Во-первых, Король-Часовщик — точнее говоря, управлявшие государем королевы — держал двор, где турниры и частные поединки были явлением настолько обыденным, что об этом не стоило даже и говорить. Царицы Велемира, Светлояра и особенно Аннабель считали любой праздник несостоявшимся, если при этом не устраивался хотя бы трехдневный турнир с гештехом, ренненом, пешим боем, бугуртом и меле, при каких-либо выдающихся событиях (а таких случалось не меньше двух — трех в год!) устраивался турнир, длившийся дней пять — шесть! А если бы "рыцари" Слав-царства проявляли такую же активность и энергию в защите государственных интересов, как в защите своей чести... В отличие от турниров, на которых строжайше предписано было придерживаться "Status Armarium" и использовать только "оружие мира", в поединках "рыцари" участвовали с боевым оружием — в результате этого Слав-царство ежегодно теряло две — три сотни воинов не последнего разбора, погибающих в идиотских боях, которые никому не были нужны! То есть абсолютно!

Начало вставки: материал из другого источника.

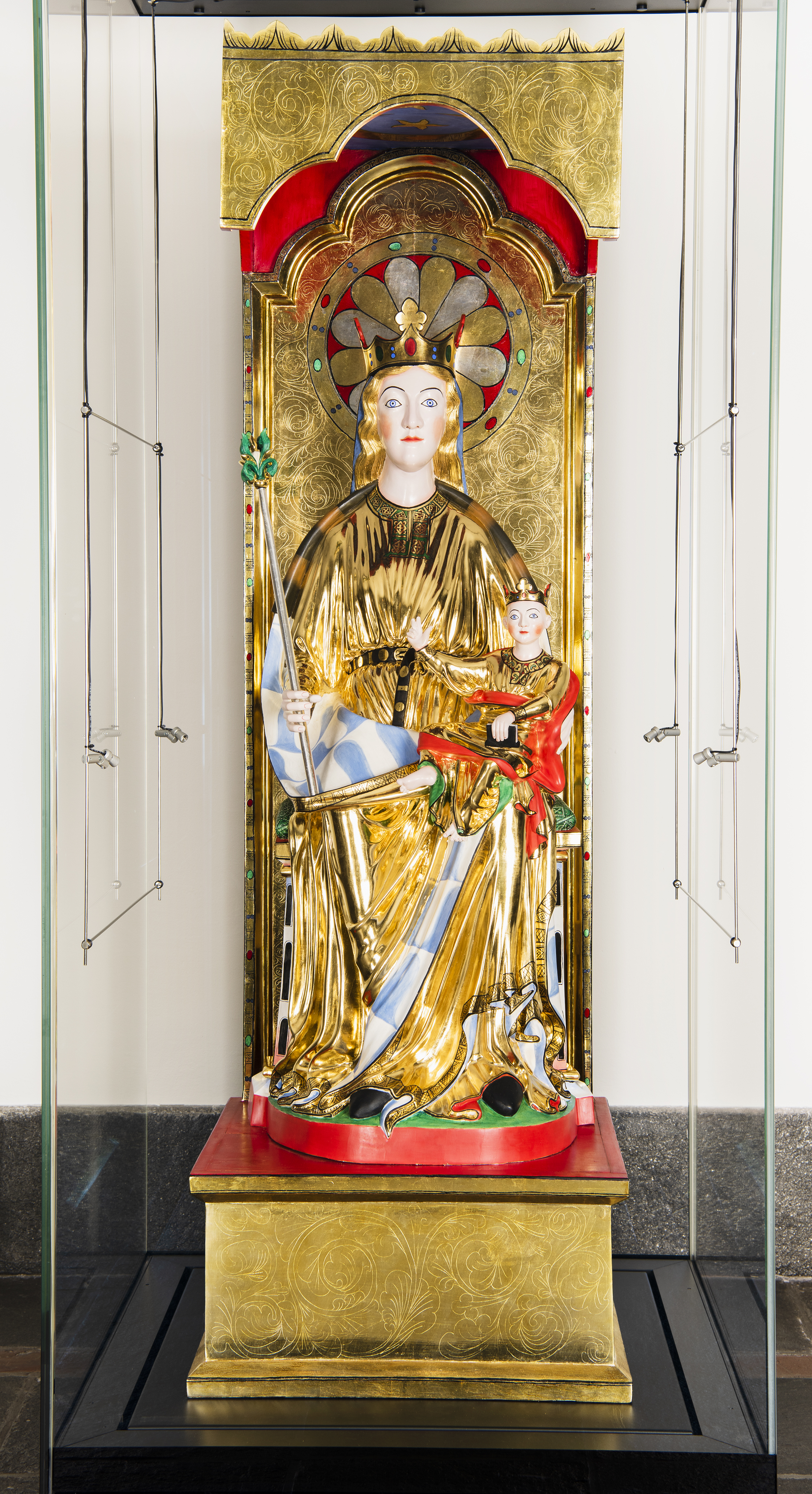 Det er baldakinen Maria sit under som fortel at Hovemadonnaen er del av eit helgenskåp. Ryggstykket har bevarte jarnhengsler etter flankerande, ledda fløydører som kunne lukkast rundt Maria med barnet. Fløydørene er no tapte, men skriftlege opplysningar frå 1823 og 1824 fortel at innsidene hadde framstillingar av dei 12 apostlane i relieff.
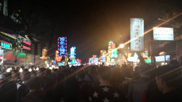 夜晚的西安格外的美丽,虽然历史遗迹原有的不多,很多是后面修复和仿建的,但红红的灯笼味道还是有的。原本我此行有两个文化要地要去,一是青曲社听相声,二是回民街看皮影,因为飞机晚点抵达兵马俑时玩得太累,我决定取消了青曲社的行程,因为我可能会听睡着的(这里说一下青曲社晚上8点多开始,到10点半结束,前排票价70,后排价格便宜以此类推,会送茶水,其他点心可以再点,咱重庆在沙坪坝有个逗乐坊,说回青曲社,就在青曲社隔条街有一个李记搅团,这是网上查的,听说比较出名,可美食这一样我钟爱素麻食)。既然行程去掉了青曲社,那就直接前往回民街看皮影喽。
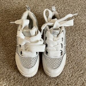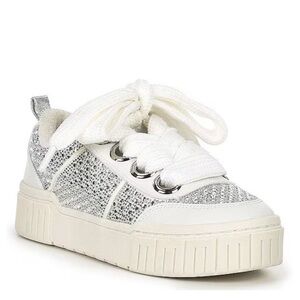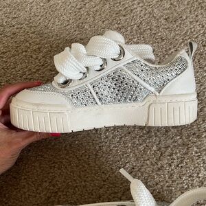 Gianni Bini after party white silver rhinestone sneaker platform over size laces

Во-вторых, королевы, как на подбор, обожали творения бардов, труверов, трубадуров и прочих поэтов-песенников, повествующих о галантной церемонной куртуазной любви, amour courtois, сердечных похождениях бравых рыцарей и подвигах, совершаемых ими в честь и защиту прекрасных дам. Баллады и любовные романы были, конечно же, не единственной причиной царящего при дворе легкомыслия — но одной из существеннейших. И помимо того, что за прекрасных дам, как известно, льется не только много песен, но и много крови... Существуют ведь ещё и всякие жидкости, как правило, без вкуса и запаха, существуют амулеты, начиная от вызывающих зубную боль и заканчивая настолько вредоносными, что их изготовление запрещено даже объявленной вне закона Гильдией Демонологов, существуют сглаз, порча и проклятие... Не говоря уже об обычной боевой магии, после применения которой от более успешного в любви соперника остаются только хлопья сажи на стенах или размазанные по потолку клочья замороженного до температуры межзвездного вакуума фарша.

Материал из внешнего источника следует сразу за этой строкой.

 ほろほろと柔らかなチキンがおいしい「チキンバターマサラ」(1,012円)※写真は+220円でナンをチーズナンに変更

В-третьих, существует такая вещь, как политика. И с проникновением в патриархальность Слав-царства нравов Закатных стран эта вещь стала вдвое более опасной, чем танцы на острие ножа над бездной, переполненной огненными элементалями. Конечно, до стандартов Ожерелья или Джевезы, где политические убийства давно уже были просто-напросто НОРМОЙ ЖИЗНИ, Славия пока не докатилась... Но делала громадные шаги в этом направлении.

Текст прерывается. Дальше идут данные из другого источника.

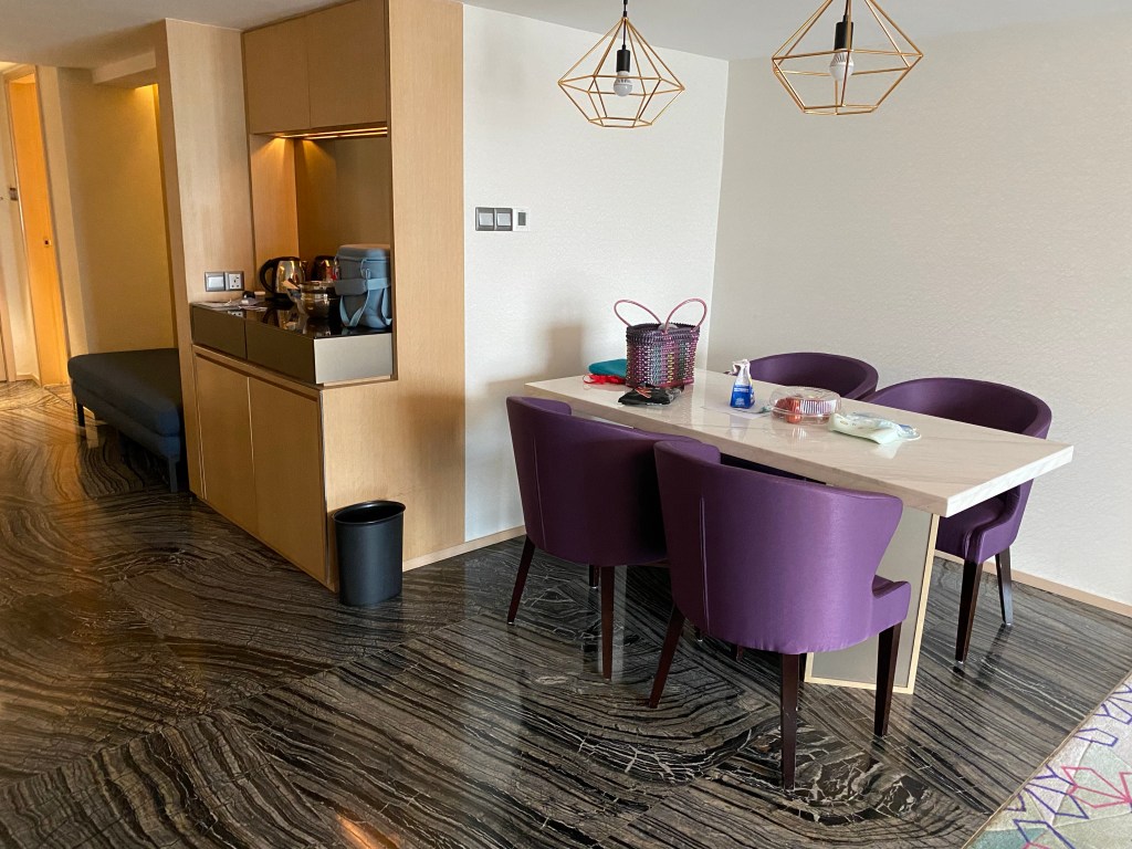 Here, we finally didn’t have to worry about transportation as family picked is up from the airport (so nice!). The hotel we booked is pretty close to the airport so after a short ride, we arrived at Le Méridien – our accommodation of choice for this first part of our trip. As we had to make changes to our trip last minute, we were not able to check into our Airbnb quite yet. Thanks to our family member’s Marriott Bonvoy Elite status, we were able to get a love spacious suite this time. There was a dining and living area with a powder room when you first enter and then a bedroom and ensuite with shower and bath inside. The only downside is the lack of counter space, but luckily, I had purchased a hanging toiletries bag for this trip so this wasn’t an issue for me. After feeding the baby some freshly cooked ridge porridge and spending some time with family here, we were off to bed. With the extra space, we decided to move the crib into the living space instead of the bedroom.

Все это, совершенно лишнее для меня — по крайней мере, в НЫНЕШНИХ обстоятельствах — я вынуждена была слушать на вечерних посиделках. А сейчас оно засело у меня в голове как гвоздь, подключенный к радиоантенне, мучительно зудя и стараясь пробить себе дорогу. Ощущение, возникавшее у меня неоднократно и означавшее, что где-то там, в подсознании, зреет идея.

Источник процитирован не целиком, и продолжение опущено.